# Backtesting Trading Strategy

This notebook demonstrates how to backtest our trading entry point prediction model on historical data. We'll cover:
- Loading the trained model
- Finding entry points
- Simulating trades based on model predictions
- Analyzing strategy performance
- Visualizing results

In [1]:
# Add parent directory to path to import from src
import sys
import os
sys.path.append(os.path.abspath('..'))

# Import required libraries
import pandas as pd
import numpy as np
import matplotlib.pyplot as plt
import seaborn as sns

# Import from src modules
from src.data.loader import load_data, preprocess_data
from src.data.features import prepare_features
from src.models.random_forest_model import RandomForestModel
from src.backtesting.backtester import backtest_strategy, analyze_backtest_results, generate_backtest_report
from src.visualization.charts import plot_entry_points, plot_backtest_results
from src.utils.helpers import set_pandas_display_options

# Set display options
set_pandas_display_options()

# Matplotlib settings
plt.style.use('seaborn-v0_8-whitegrid')
plt.rcParams['figure.figsize'] = [12, 6]
%matplotlib inline

## 1. Load Trained Model and Data

First, let's load our trained model and the data we'll use for backtesting.

In [2]:
# Try to load the trained model
try:
    model = RandomForestModel.load('../trained_model.pkl')
    print("Loaded saved model successfully")
except FileNotFoundError:
    print("Trained model not found.

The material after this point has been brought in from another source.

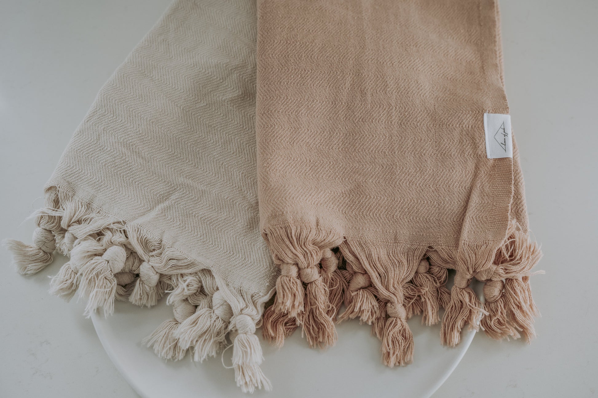 Voici les essuie-mains que vous attendiez tant, doux, absorbants et tendance. Ils sont teints à la main pour créer une apparence unique et dotés d'une frange nouée qui ajoute de la texture.

Please run the model training notebook first.")
    # Create and train a simple model for demonstration
    model = RandomForestModel(
        n_estimators=100,
        max_depth=10,
        random_state=42
    )

Trained model not found. Please run the model training notebook first.


In [3]:
# Load the data for backtesting
# We'll use a combination of training and test data to have a comprehensive view
try:
    # Try to load processed data
    df_features = pd.read_csv('../processed_data.csv', index_col=0, parse_dates=True)
    print(f"Loaded processed dataset with {df_features.shape[1]} columns and {df_features.shape[0]} rows")
except FileNotFoundError:
    print("Processed data file not found. Processing raw data...")
    # Load raw data
    file_path = '../USATECH.IDXUSD_Candlestick_15_M_BID_01.01.2023-18.01.2025.csv'
    df_raw = load_data(file_path)
    df = preprocess_data(df_raw)
    
    # Prepare features
    df_features = prepare_features(df, include_target=True)
    print(f"Prepared dataset with {df_features.shape[1]} columns and {df_features.shape[0]} rows")

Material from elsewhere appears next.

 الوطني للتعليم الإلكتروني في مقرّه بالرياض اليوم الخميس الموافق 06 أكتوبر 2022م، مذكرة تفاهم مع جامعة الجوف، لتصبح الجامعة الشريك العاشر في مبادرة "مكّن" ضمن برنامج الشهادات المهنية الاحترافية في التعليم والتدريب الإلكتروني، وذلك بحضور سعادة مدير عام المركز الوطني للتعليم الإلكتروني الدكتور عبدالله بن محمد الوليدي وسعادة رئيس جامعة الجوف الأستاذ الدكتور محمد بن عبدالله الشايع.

Loaded processed dataset with 37 columns and 49815 rows


## 2. Prepare Backtesting Data

Let's split our data into training and testing portions to ensure we're testing on out-of-sample data.

In [26]:
# Split data for backtesting
test_size = 0.40  # Use 40% of data for testing
train_size = 0.60  # Use 60% of data for training

# Calculate split indices
train_end_idx = int(len(df_features) * train_size)
test_start_idx = train_end_idx

# Split data
df_train = df_features.iloc[:train_end_idx]
df_test = df_features.iloc[test_start_idx:]

print(f"Training data: {len(df_train)} rows, {df_train.index.min()} to {df_train.index.max()}")
print(f"Testing data: {len(df_test)} rows, {df_test.index.min()} to {df_test.index.max()}")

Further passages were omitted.